#### [What you will do]
Would you transcribe the records below from the line with "L-Glutamina. NÃO CONTÉM GLÚTEN." to the line with "Well, I can", ends included, exactly and with nothing more, leaving the pictures out?

#### [Available data]
--------------------------------
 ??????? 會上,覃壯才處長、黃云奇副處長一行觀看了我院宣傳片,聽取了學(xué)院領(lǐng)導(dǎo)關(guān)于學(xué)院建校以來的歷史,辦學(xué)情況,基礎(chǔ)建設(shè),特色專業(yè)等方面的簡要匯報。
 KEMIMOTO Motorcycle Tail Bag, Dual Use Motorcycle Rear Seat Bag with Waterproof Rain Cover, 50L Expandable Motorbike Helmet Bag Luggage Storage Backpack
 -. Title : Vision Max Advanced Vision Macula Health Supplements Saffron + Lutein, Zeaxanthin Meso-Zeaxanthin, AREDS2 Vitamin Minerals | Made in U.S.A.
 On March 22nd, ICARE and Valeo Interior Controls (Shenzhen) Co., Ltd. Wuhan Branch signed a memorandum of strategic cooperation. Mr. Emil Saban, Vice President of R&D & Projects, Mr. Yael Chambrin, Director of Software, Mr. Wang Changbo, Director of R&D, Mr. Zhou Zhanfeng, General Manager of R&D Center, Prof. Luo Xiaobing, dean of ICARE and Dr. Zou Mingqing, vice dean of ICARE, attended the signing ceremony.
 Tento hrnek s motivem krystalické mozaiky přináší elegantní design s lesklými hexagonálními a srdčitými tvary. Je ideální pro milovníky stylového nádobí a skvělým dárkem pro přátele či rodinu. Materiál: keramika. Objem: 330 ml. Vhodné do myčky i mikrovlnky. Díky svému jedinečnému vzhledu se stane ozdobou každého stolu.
--------------------------------
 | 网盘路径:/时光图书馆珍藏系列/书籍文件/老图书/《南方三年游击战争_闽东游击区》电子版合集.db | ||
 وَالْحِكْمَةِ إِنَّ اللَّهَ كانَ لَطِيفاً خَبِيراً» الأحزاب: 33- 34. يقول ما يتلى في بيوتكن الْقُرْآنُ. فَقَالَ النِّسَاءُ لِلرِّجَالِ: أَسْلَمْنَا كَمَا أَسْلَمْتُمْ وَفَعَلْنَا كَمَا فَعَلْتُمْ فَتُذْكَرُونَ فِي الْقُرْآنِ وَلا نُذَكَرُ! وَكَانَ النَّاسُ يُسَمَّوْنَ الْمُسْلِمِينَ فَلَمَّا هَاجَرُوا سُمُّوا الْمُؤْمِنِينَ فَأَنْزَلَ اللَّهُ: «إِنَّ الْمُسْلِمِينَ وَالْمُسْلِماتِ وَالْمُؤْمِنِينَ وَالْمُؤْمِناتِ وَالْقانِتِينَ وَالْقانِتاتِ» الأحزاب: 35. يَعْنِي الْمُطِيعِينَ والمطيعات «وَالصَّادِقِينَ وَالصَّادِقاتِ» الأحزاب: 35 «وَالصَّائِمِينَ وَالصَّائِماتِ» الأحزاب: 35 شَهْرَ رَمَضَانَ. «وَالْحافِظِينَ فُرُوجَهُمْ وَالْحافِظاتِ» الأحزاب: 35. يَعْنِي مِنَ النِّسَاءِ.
--------------------------------
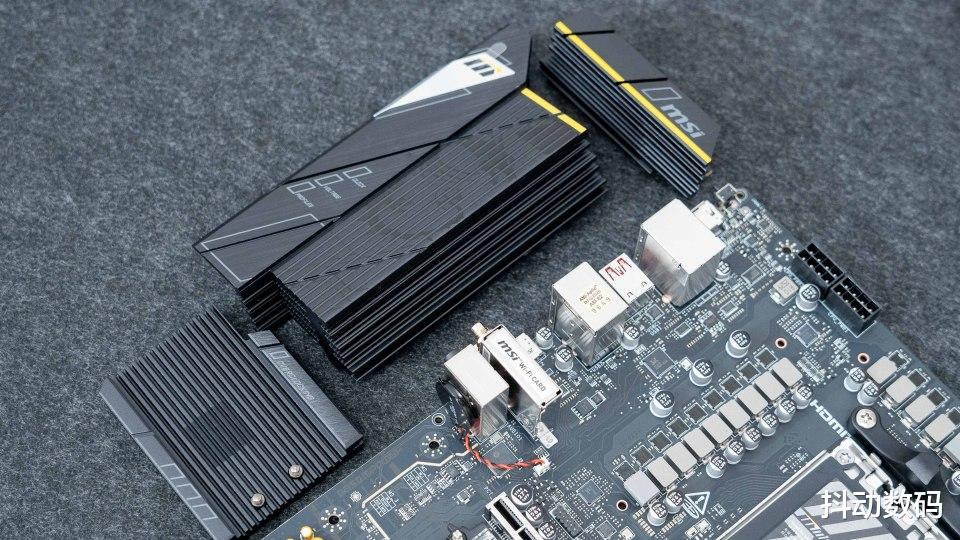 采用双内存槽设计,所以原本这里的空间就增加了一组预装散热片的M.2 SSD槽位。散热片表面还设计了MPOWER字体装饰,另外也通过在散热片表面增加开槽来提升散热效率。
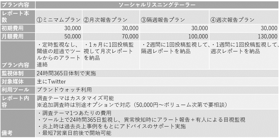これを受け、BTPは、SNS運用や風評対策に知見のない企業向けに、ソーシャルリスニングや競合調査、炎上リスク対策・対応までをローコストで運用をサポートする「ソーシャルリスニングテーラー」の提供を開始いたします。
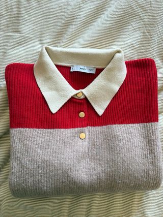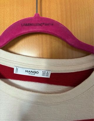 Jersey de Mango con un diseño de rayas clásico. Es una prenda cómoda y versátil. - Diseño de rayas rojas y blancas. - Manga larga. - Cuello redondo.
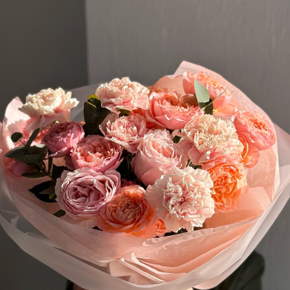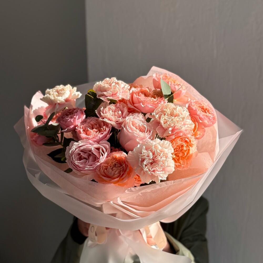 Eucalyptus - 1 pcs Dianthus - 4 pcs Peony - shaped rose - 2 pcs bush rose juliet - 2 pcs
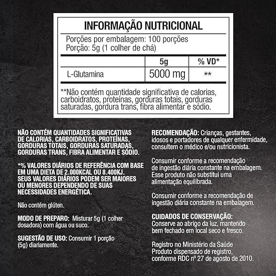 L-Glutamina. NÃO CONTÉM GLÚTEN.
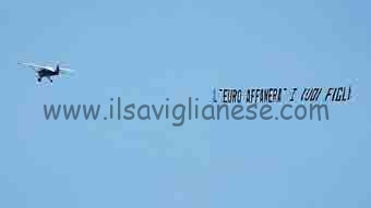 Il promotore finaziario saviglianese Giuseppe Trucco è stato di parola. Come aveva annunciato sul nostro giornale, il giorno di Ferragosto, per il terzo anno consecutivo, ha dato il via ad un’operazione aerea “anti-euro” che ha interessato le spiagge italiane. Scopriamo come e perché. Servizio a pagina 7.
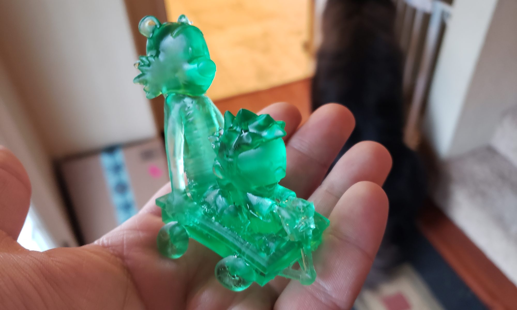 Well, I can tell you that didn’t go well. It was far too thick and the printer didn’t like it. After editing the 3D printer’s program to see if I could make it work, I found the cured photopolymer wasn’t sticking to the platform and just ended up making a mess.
--------------------------------
#### [Output for this exercise]
 L-Glutamina. NÃO CONTÉM GLÚTEN.
 Il promotore finaziario saviglianese Giuseppe Trucco è stato di parola. Come aveva annunciato sul nostro giornale, il giorno di Ferragosto, per il terzo anno consecutivo, ha dato il via ad un’operazione aerea “anti-euro” che ha interessato le spiagge italiane. Scopriamo come e perché. Servizio a pagina 7.
 Well, I can tell you that didn’t go well. It was far too thick and the printer didn’t like it. After editing the 3D printer’s program to see if I could make it work, I found the cured photopolymer wasn’t sticking to the platform and just ended up making a mess.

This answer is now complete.